そう言って、彼女は立ち上がって階段を下りる。

「そうそう。私、今度の市長選挙に立候補するつもりなの」

「……へ?」

私は目を点にした。そんなの初耳だ。

「だからその時は、私に投票してくれたら嬉しいわ。このことは他の人には内緒よ?」

そう言い残して、荒木さんは中へと戻っていった。

「すごいなあ」

そろそろ休憩時間が終わりそうなので、急いで休憩室にどもって弁当を片付けた。

自分の席に戻り、書類を手に取る。

その時、お客さんが来た。

若い人だった。

身分証明証を確認すると、換算して三十手前だ。

内容は、仕事を病気で辞めなければならず、その手当に関する相談だった。

失業手当等はハローワークだ。

ウチではない。

「あの……」

ここが受付ではない、と口にしようとして、私はその言葉を飲み込んだ。

不意に気づく。

その人の不安そうな顔を、今にも消え入りそうな雰囲気を。

「大丈夫ですか?」

「え? ああ、うん。大丈夫」

と、笑顔で応えてくれたが、少々ぎこちない。

「お話があれば聞きますので、遠慮なくおっしゃってください」

自然とそう口にしていた。

相手は少し驚いた顔をしていたが、少しはにかみながら。

「えっと……そうだな……」

さっきまでの硬い表情が和らいだ。

そして口にする今後の生活。

両親とは離れて暮らしており、援助を求めにくいこと。病気になったことを報告しにくいこと、お金が無くなって生活できなくなったらどうしようという悩みだった。

私はそれを静かに聞いていた。

話が終わると、私は妙に嬉しい気持ちになっていた。

「話してくれてありがとうございます」

そして失業手当はここではないことを、言葉を選んで伝えた。彼は恥ずかしそうに、そして少々の不機嫌さを露にしていたが。

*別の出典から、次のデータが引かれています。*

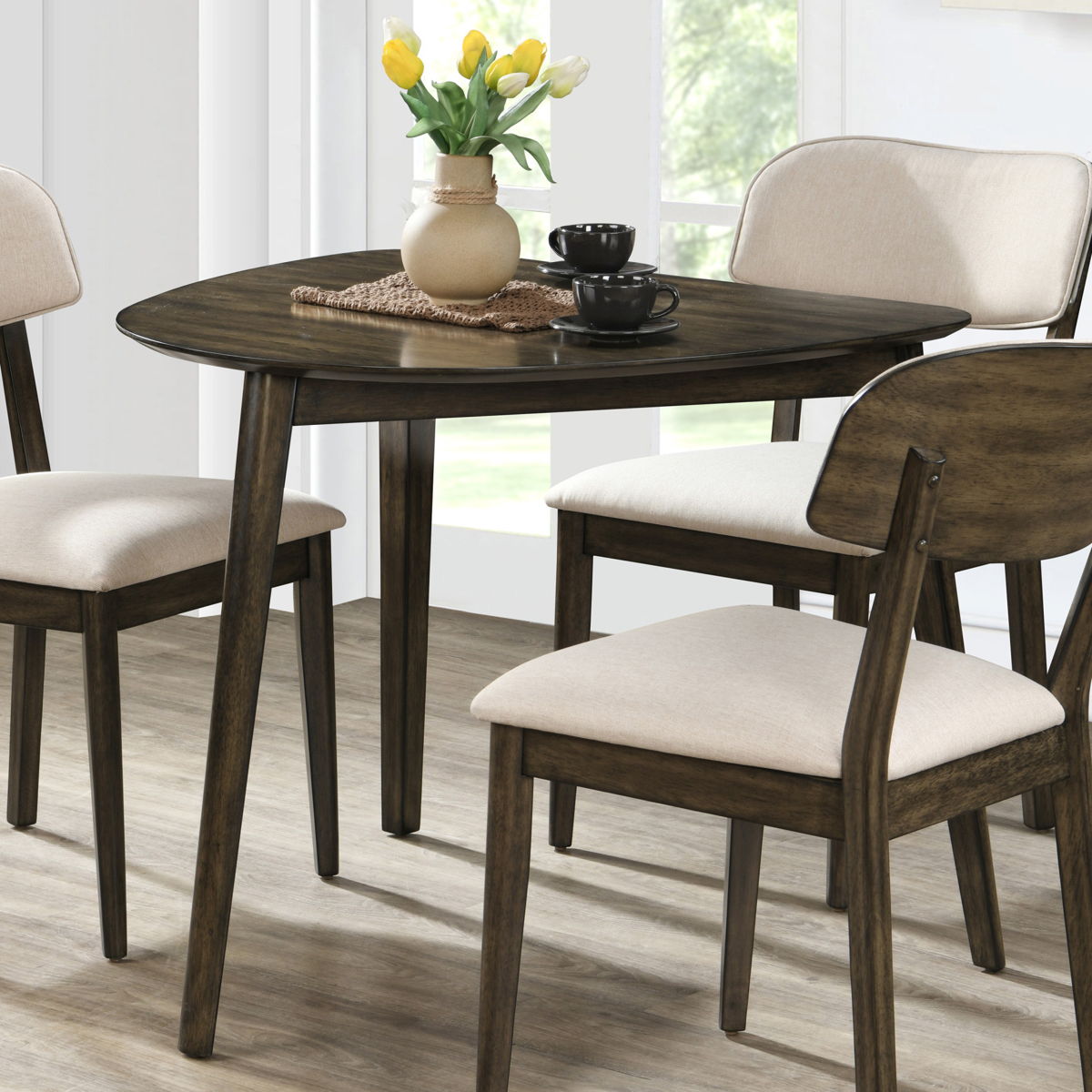 The Rex Guitar Pick Corner Table in Walnut offers durability and quality construction, crafted from solid rubberwood, manufactured woods, and oak veneers for maximum stability and longevity. Embracing a classic mid-century modern style, this piece features a minimalist design with neutral tones, clean lines, and rounded edges that impart a soft, organic feel. The angled, tapered legs evoke the essence of mid-century modern design. Its natural walnut finish is meticulously hand-rubbed with a clear topcoat to enhance the inherent beauty of the wood grain. Perfect for small spaces, this unique corner dining table comfortably seats two, making it ideal for kitchens, dorm rooms, and studios where compact dining solutions are needed. Choose the Rex Guitar Pick Corner Table for a blend of style, practicality, and lasting quality.

「大丈夫ですよ。また何か解らないことあれば来てください。保険や税金でなくて大丈夫です。またお待ちしております」

ニコリと、笑顔で対応していた。

そうすると彼も、落ち着いたのか礼を言ってくれた。最初にここへ来た時とは打って変わった落ち着いた顔で、彼はここを後にした。

「…………」

何となく、腑に落ちた気がした。

少し離れた窓口で、荒木さんはお客様と話をしていた。終始その相手は落ち着き払っていて、荒木さんに信頼をもって話をしていた。

荒木さんがこっちを見た。小さく笑っているような気がした。

「……頑張ろう」

荒木さんが市長選挙に出た時は必ず、彼女に投票しようと心に決めた。